My condolences for your loss, from someone whose husband passed round about the same time as yours. My husband died on Easter Saturday 4.4.26 from loposarcoma. a rare but deadly cancer.
All of us here are supportive as we are all in the same ‘club’, having been recently bereaved of loved ones, shocked, despairing and sad.
It’s good that you are managing to go out and that this is helping. I have been out every day since my husband passed, as I know that staying indoors will only make me feel desperate and suicidal. I do acknowledge that this is not the same for everyone.
My condolences to you. I have a good idea of how you must feel as my husband passed at around the same time as yours. I have done some food shopping but it does not seem so different as before my husband died, as, in the last few weeks in particular, he ate very little, due to a tumour at close proximity to his stomach, reducing its size.
I’m so sorry for your loss. It’s a rubbish club to be in isn’t it? My husband died on the 3rd. Good Friday (although there was nothing good about it!!)
I’ve just posted on another thread on the circumstances.
Yes I’ve been out most days. It’s hard and I don’t want to but having a little dog means I do go. My son who is 15 and daughter is 20 both live with me. It’s hard because I have to stay strong for them so we are kind of taking it in turns to have a bad day. They have been amazing.

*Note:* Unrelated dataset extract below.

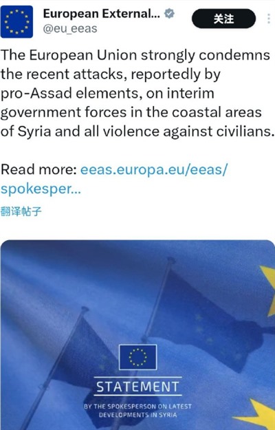 欧盟这份声明的意思就是朱拉尼政权虽然发起了大屠杀,但事出有因,如果不是因为阿萨德政权的支持者发动了反抗活动,那朱拉尼政府是不会发起大屠杀的,至于屠杀平民的行为那当然是不对的,我们谴责,但这事的主要责任还是因为有人首先挑起了武装冲突,只要不反抗那就不会有大屠杀。

I’m out every morning with our dog, but cannot face a food shop. My hubby was misdiagnosed 9 times. He actually had tumours pressing on his windpipe . So I’m angry as well as sad
Hi Lilly I hope you are managing. It must be difficult to handle the childrens feelings and yours at the same time. As for crying, I don’t cry as much as I used to but one of the times today was because the company that does our security alarm had changed it’s name and I thought my wife would never know. Such a daft thing set me off.
Wishing you a peaceful evening
And a quiet day tomorrow
Tom
I understand the anger, it is part of the process anyway but in your circumstances it must be so hard.
I shouted out loud at my husband the other day for leaving me. Then I felt so bad. He would have laughed though. I also told him off for his poor administration of his paperwork. There is no order to anything and I’m struggling find what I need. That was so typical of him.
He was only 49 and although he had type 1 diabetes and a chronic blood cancer, he’s seen both consultants the same week and all seemed to be going ok. He’d had the cancer since 2019 and so far hadn’t needed treatment, just monitoring.
Anyway, I’m sure I’ll be telling him off again as time goes on and still sifting though unorganised chaos!!